What is being asked — Without the pictures, print the lines from the one holding "1月25日下午,经济管理与法" through the last line below, both included, exactly as they stand.

Collected material —
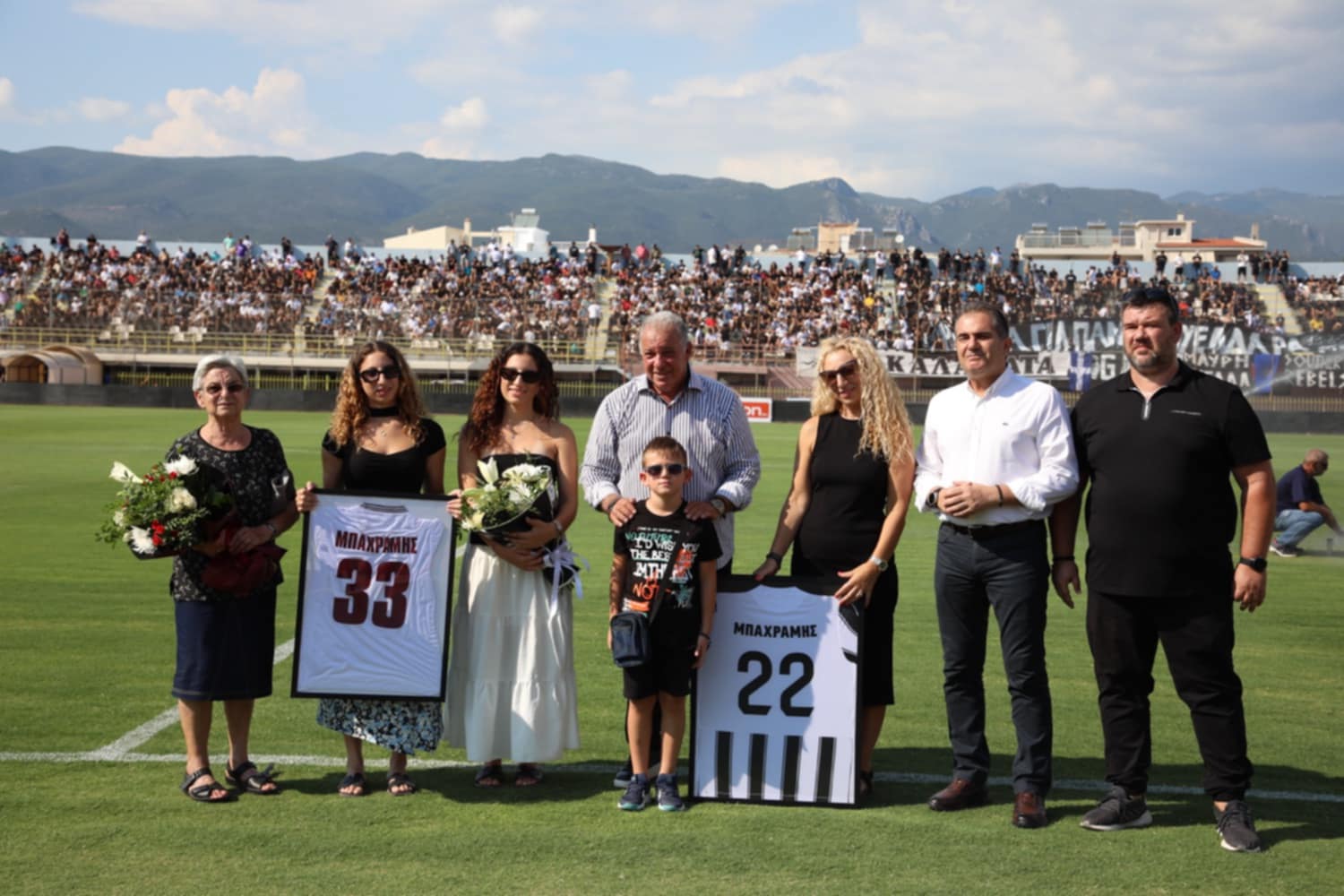 Λίγο πριν την έναρξη της αναμέτρησης Καλαμάτα – ΑΕΛ, πραγματοποιήθηκε μία συγκινητική τελετή στη μνήμη του αδικοχαμένου ποδοσφαιριστή Παναγιώτη Μπαχράμη.
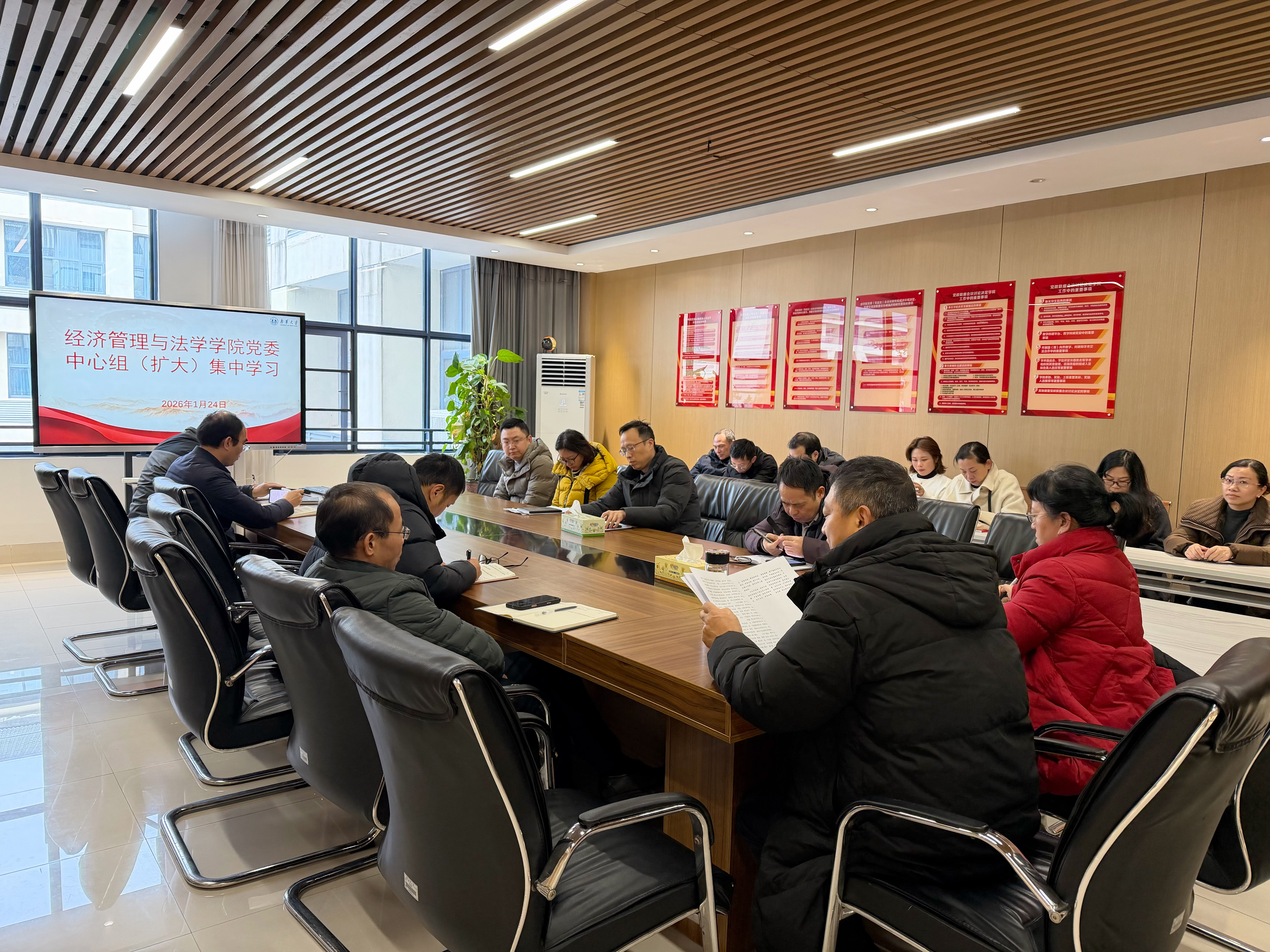 1月25日下午,经济管理与法学学院党委在崇义楼308会议室举行1月理论学习中心组(扩大)集中学习暨第1次教职工理论学习活动。学习主题为“深入学习贯彻习近平新时代中国特色社会主义思想和党的二十届四中全会精神,认真贯彻习近平总书记关于党的建设的重要思想、关于党的自我革命的重要思想以及关于加强党的纪律建设、作风建设的重要论述、关于教育的重要论述、关于巡视工作的重要论述等,为高质量开好2025年度民主生活会打牢思想基础。”
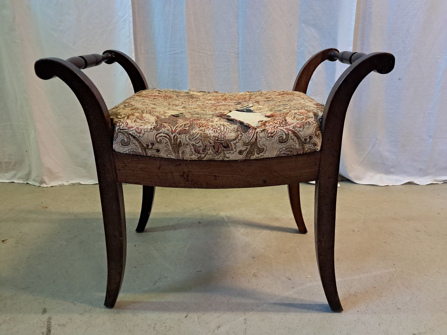 Klaverskammel i massivt mahogni, fra 1910erne.

Solved exercise —
 1月25日下午,经济管理与法学学院党委在崇义楼308会议室举行1月理论学习中心组(扩大)集中学习暨第1次教职工理论学习活动。学习主题为“深入学习贯彻习近平新时代中国特色社会主义思想和党的二十届四中全会精神,认真贯彻习近平总书记关于党的建设的重要思想、关于党的自我革命的重要思想以及关于加强党的纪律建设、作风建设的重要论述、关于教育的重要论述、关于巡视工作的重要论述等,为高质量开好2025年度民主生活会打牢思想基础。”
 Klaverskammel i massivt mahogni, fra 1910erne.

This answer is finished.